Drug safety in the perinatal period is where the evidence gaps are largest and where women most often receive incomplete information.

Antidepressants During Pregnancy

All major antidepressants are FDA Pregnancy Category C (old system) or carry specific label language. The question is not whether to treat, but whether the risks of untreated depression outweigh medication risks.

ACOG Practice Bulletin 92 states plainly that untreated depression in pregnancy carries its own risks, including preterm birth, low birth weight, poor prenatal care adherence, and postpartum bonding difficulties. Stopping antidepressants abruptly in the first trimester without a plan is not automatically the safer choice.

SSRIs taken in the third trimester can cause transient neonatal adaptation syndrome (jitteriness, respiratory distress, feeding difficulties lasting 2-6 days). This is not a reason to stop medication in the third trimester; it requires coordinating with the neonatal team so monitoring is in place. A large study in JAMA Pediatrics found no increased risk of serious adverse neonatal outcomes attributable to late-pregnancy SSRI exposure after controlling for confounders.

Paroxetine has historically been labeled with a cardiovascular malformation signal in the first trimester; while the absolute risk remains small, sertraline is generally preferred for women starting medication during pregnancy.

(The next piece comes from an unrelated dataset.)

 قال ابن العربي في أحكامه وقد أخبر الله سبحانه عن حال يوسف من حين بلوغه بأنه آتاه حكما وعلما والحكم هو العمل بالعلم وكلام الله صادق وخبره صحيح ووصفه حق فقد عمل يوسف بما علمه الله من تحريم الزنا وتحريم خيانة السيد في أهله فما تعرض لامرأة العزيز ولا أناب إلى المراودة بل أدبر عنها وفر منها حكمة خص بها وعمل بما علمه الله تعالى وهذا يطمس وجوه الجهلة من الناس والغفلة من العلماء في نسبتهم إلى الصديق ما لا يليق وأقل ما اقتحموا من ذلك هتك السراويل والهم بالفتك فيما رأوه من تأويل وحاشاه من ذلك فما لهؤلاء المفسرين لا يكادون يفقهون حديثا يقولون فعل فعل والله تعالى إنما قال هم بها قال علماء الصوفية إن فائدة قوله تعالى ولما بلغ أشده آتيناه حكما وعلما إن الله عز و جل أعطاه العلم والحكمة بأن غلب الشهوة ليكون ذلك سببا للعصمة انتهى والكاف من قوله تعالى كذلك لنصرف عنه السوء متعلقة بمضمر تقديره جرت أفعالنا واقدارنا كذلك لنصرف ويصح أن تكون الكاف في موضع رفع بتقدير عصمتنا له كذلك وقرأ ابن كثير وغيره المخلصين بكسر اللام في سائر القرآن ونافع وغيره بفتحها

Lactation Transfer Summary

| Drug | Relative Infant Dose | LactMed Classification | |---|---|---| | Sertraline | 0.5-3% | Preferred | | Paroxetine | <2% | Preferred | | Escitalopram | 3-8% | Compatible with monitoring | | Fluoxetine | 6-9% (plus active metabolite) | Use with caution in newborns | | Zuranolone | Unknown; present in breast milk | Discuss with provider; consider pump-and-dump | | Brexanolone | Present in breast milk | Discuss with provider |

Women deserve a conversation about these numbers, not a blanket instruction to stop breastfeeding if they need medication.

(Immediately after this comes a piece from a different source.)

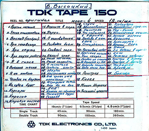 Он мне сразу сказал: все пленки храни у себя. Потому что у меня дома друзья-приятели их обязательно утащат в качестве сувенира и знать не будешь. Поэтому, когда пленка была записана, она лежала у меня дома, и потихоньку набиралось их количество.

Who This Approach Is Right For, and Who Needs a Different Path

Reproductive Years (Postpartum, First Episode)

The algorithm described here is built for this group. Start with EPDS, complete the clinical interview, rule out thyroid disease and bipolar disorder, and choose therapy, pharmacotherapy, or both based on severity. If this is a first depressive episode and the postpartum trigger is clear, many women can taper off antidepressants at 6-12 months with close monitoring.

Women with Prior PPD or Recurrent Depression

Recurrence risk after one episode of PPD is 40-50% with subsequent deliveries. Prophylactic sertraline started immediately postpartum (day 1) has evidence supporting its use in women with a prior PPD history. Discuss this plan explicitly during the third trimester.

Trying to Conceive

If you are planning a pregnancy and currently on an antidepressant for PPD or recurrent depression, do not stop abruptly. Sertraline is the preferred SSRI to continue through conception and pregnancy planning given its safety profile. Discuss a tapering plan with your provider only if your mood has been stable for 6-12 months.

Perimenopause and Beyond

A history of PPD is a significant risk factor for perimenopausal depression. Research published in JAMA Psychiatry found that women with a past perinatal depressive episode were more than twice as likely to develop depression during perimenopause, likely reflecting an underlying sensitivity to hormone flux. If you experienced PPD and are now approaching perimenopause with mood changes, tell your provider about your PPD history explicitly because it changes the differential and the approach.

When to Seek Help Today

The single most common reason PPD goes untreated is that women delay, either waiting to see if things improve or feeling ashamed to report symptoms. Seek evaluation same-day or go to an emergency department if any of the following are present:

• Thoughts of harming yourself or your baby (even thoughts you know you would never act on)
• Inability to sleep even when the baby sleeps for two or more consecutive nights
• Auditory or visual hallucinations
• Feeling like your baby would be better off without you
• Rapid mood swings or feeling like you are losing your mind

If your EPDS score is ≥13 or your PHQ-9 is ≥10 at a routine visit, ask your provider for an immediate clinical interview, not a referral with a 6-week wait.